Designing an LLM-assisted enrichment loop that proposes structured updates to a user's data store and asks the user to ratify each one.

thoughts

When an LLM proposes updates that a user accepts or rejects, the system must persist every rejection — keyed by (entity, field, payload-fingerprint) — and surface that rejection log to the model on every subsequent run. Without it, the LLM will re-propose declined updates on the next cycle (because its input context doesn't include what the user has said no to before), and trust collapses fast. UX research on this pattern suggests three repeats of the same rejected proposal is enough for the user to permanently disengage from the ratification queue. The rejection log is not a nice-to-have or v2 feature — it's the single most load-bearing primitive in a proposes-and-ratifies architecture, and it must exist in the schema before the ratification UI ships.
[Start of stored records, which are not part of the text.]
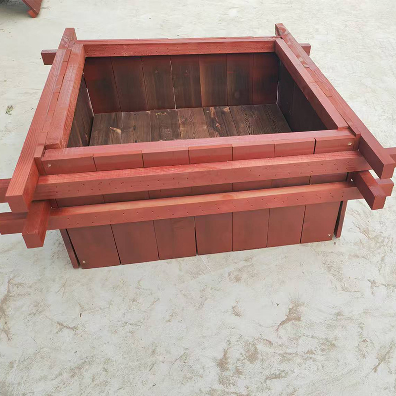 Цветочная коробка антикоррозии дерева, открытая квадратная цветочная и трава, посадка посадка, придорожная улица с твердым деревом.
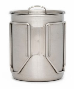 The Brew Kit Combo is truly a multipurpose piece of kit. Not only is it a cup for drinking, it’s also cookpot, measuring cup, and coffee maker, medicinal prep, or a means to gather and melt snow or disinfect water. The cup handles have a heavy gauge and large grip opening to allow for a gloved hand to easily grip the handles.
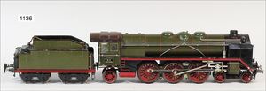 MÄRKLIN HR6612920, Schlepptenderlok, 2C1, 20 Volt, 4-achsiger Tender, HR929, 72 cm, kl. Windleitbleche, olivgrün/schwarz, Vor- und Rückwärts fahrend per Hand- und Fernschaltung, Trieb- und Kuppelstangen, imitierte Häusinger Steuerung, Galleriestangen, langes Führerhaus, Federpuffer, elektr. betriebene Laternen, Führerhausbeleuchtung, handlackiert, 1932, guter Zust., ein wenig Krakeleebildung, 2 Dome 1 x übermalt, kl. Stelle am Tender ausgebessert, sonst Orig.-Zust., techn. guter Zust.

The right shape: rejection_log table with (entity_id, field, payload_fingerprint, declined_at) where payload_fingerprint is a stable hash of the proposed value (so cosmetically-different-but-semantically-same proposals also dedup against past rejections). Build it before phase one of the feature — retrofitting it later means cleaning up months of trust damage.

next time

Whenever you ship an LLM feature that proposes updates for a human to ratify, design the rejection-log table before the ratification UI. Persist (entity, field, payload-fingerprint) for every reject, feed it to the model on every subsequent run as part of the prompt, and dedup proposals against it server-side. Three re-proposals of a declined update is enough to permanently break user trust in the system.